Username Changed To Monkey

You may have been hacked, or someone else who has admin access to your site may be playing with you.

I’d assume the worst — that your site is hacked.

Create a NEW admin user ID for yourself. Log out and login as that user, then delete the ‘monkey’ id. (Transfer any content to your new ID.)

Install the plugin “WordFence” and scan your site.

Then….

Get a fresh cup of coffee, take a deep breath and carefully follow this guide. When you’re done, you may want to implement some (if not all) of the recommended security measures.

If you’re unable to clean your site(s) successfully, there are reputable organizations that can clean your sites for you. Sucuri and Wordfence are a couple.

Hi Steve,

Thank you for the quick response. I am the only user/admin on the site so I suppose I must have been hacked then. Yet, I still don’t understand how they were able to change the username, and as far as I can currently tell, nothing else has been touched or changed except for the username, which is a sigh of relief, yet still quite odd. I am in the process of creating a new username and transferring my data now, following along with your above suggestions. Thank you! I also ran my site through the sucuri site scan but it says my site is not blacklisted and has no malware or spam. Definitely an odd occurrence to have this happen but hopefully no harm was done.

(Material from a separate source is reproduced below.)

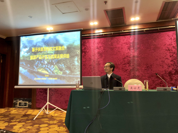 旅游研究与规划中心主任吴必虎教授受邀在文化和旅游部西部地区及集中连片贫困地区文化产业经营管理人才培训班为西部文化产业经营管理人才授课《基于扶贫目标的文旅融合:旅游产品开发与政策法规供给》。 吴必虎教授授课 吴必虎教授讲到文化与旅游部的成立,为文旅融合建立了政治机遇,文化产业与文旅融合成为西部地区和集中连片贫困地区经济发展、社会交换的主要途径。他认为遗产活化是文化遗产保护和利用的主要方法,也是文化产业发展、投资、经营和IP打造的主战场之一。乡村地区保留了更多的传统文化价值,旅游活化具有大量发展机会,介绍了螺溪谷乡村扶贫案例。他指出目前仍然存在许多过时的政策法规,面向西部和贫困地区的文化产业发展,需要提供更多的产业发展政策和法规变革。 文化和旅游部西部地区及集中连片贫困地区文化产业经营管理人才培训班于2018年11月13日在重庆开班,共有来自全国21个省、市、自治区及新疆生产建设兵团的135位文化产业经营管理人才。 培训课现场

Also, I already have and am using the wordfence security plugin so that makes this whole situation incredibly more confusing. The only change I know of to make at this time (after creating a new username and transferring my content) is to simply make a new, stronger password. Other than that, I am at a loss. :/

Change the password for your hosting login, too. On the WordFence scan options, make sure most of the options are checked. Be aggressive with the scan.

Thank you, I have done all the fixes suggested. Hopefully this won’t happen again. Whoever was ‘monkeying’ around on my site will hopefully stay away now haha. Thanks so much for all your help! ??

Hi, I just noticed the same issue on two of my sites. Not sure how it happened yet. But I can tell you that they added cgi.php and redirect.php files in the WordPress root folder.

They both got hacked on Jan 11th.

Also, some large (20mb+) and random character named files in wp-admin

Dear seedsca, you have me worried now about whether I may have missed some sort of code ‘injection’ into my site files as well. I’m still learning how to operate a fully-functioning website and am not exactly sure how to check for this. I ran site scans and removed/improved upon what I could but I still worry about what I may have missed, or what my security plugins may have missed, haha. May I ask how exactly you check for this kind of thing and how you discovered you had random files added? ??

The basic of it is searching with plugins for things and manually. Through the command line (ssh) or an FTP program.

I use i-themes and sucuri. But most security plugins should be good for this. Not fun! Sorry

Thanks for the quick response. I hope I was able to find all instances of malicious intent. I appreciate the feedback! ??

I just wanted to comment that this same exact thing happened to one of the few sites I still had on cheap Bluehost managed hosting. I have been migrating people off to more secure hosting but had not gotten to this one yet. Like you, I had Wordfence and was using the latest version of WordPress. There were a couple of plugins out of date but nothing with a security warning. The theme is old and no longer supported, so I am wondering if that was the issue. I changed all passwords and moved to a new host.

If anyone has experience with this I would be interested in hearing it.